Proving Injectivity and Surjectivity: A Fundamental Concept in Function Theory

[tlkieu]

Stumped on a couple of questions, if anyone could help!

In what follows I will denote the identity function; i.e. I(x) = x for all x ∈ R.
(a) Show that a function f is surjective if and only if there exists a function g such that f ◦ g = I.
(b) Show that a function f is injective if and only if there exists a function h such that h ◦ f = I.
(c) Suppose f ◦ g = I and h ◦ f = I. Show that g = h

 

[stevendaryl]

Let's take one question at a time.

For question (a), do the following exercise:

1. Write down (in English, or using logical notation, if you know logic) what does it mean to say that a function $f(x)$ from one set, $A$ to another set, $B$ is surjective.
2. Now, write down what it means to have a function from $B$ to $A$.
3. Now, see if you can see any relationship between those two definitions.

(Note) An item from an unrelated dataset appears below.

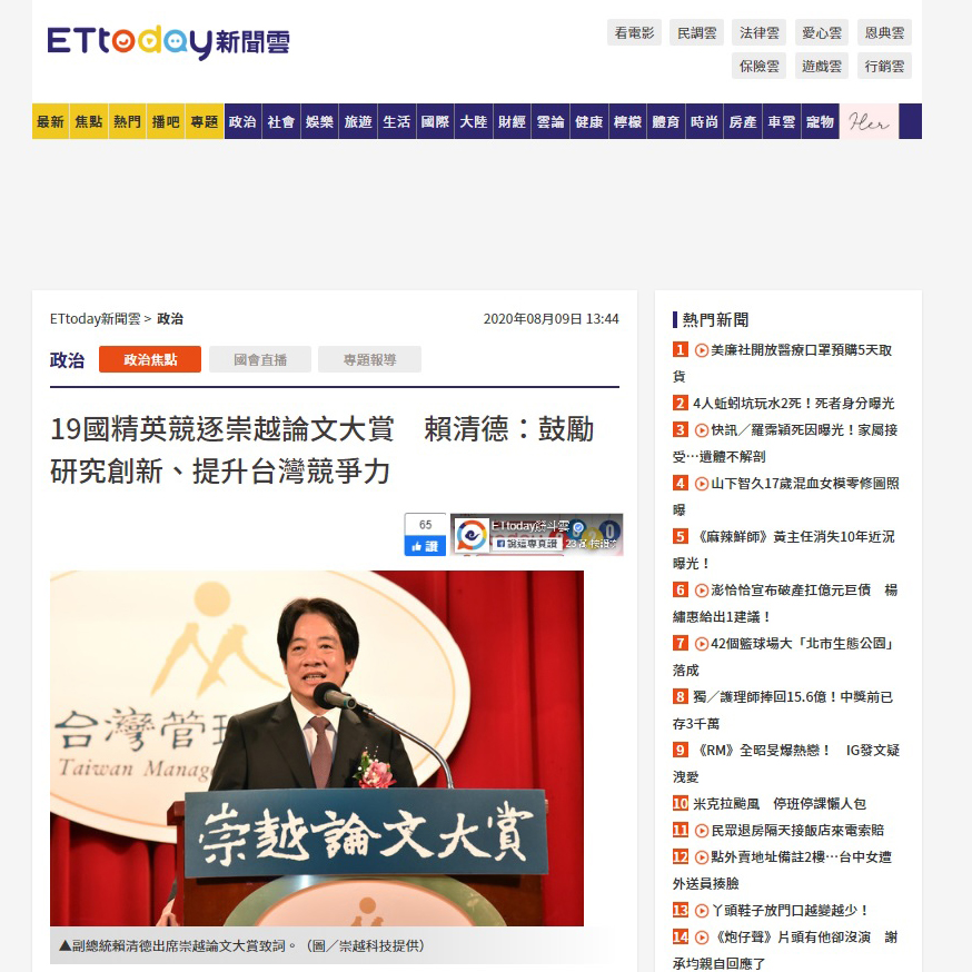 [媒體報導]19國精英競逐崇越論文大賞 賴清德:鼓勵研究創新、提升台灣競爭力

Post your answers to 1&2. The rules for Physics Forums is that you have to show your effort in order to get help.

 

[tlkieu]

Ahh thank you for the pointer! First time posting so will keep that in mind. Will post my working out so far in the morning, also will repost this in the homework type question forum as I just read that these types of questions are best directed there.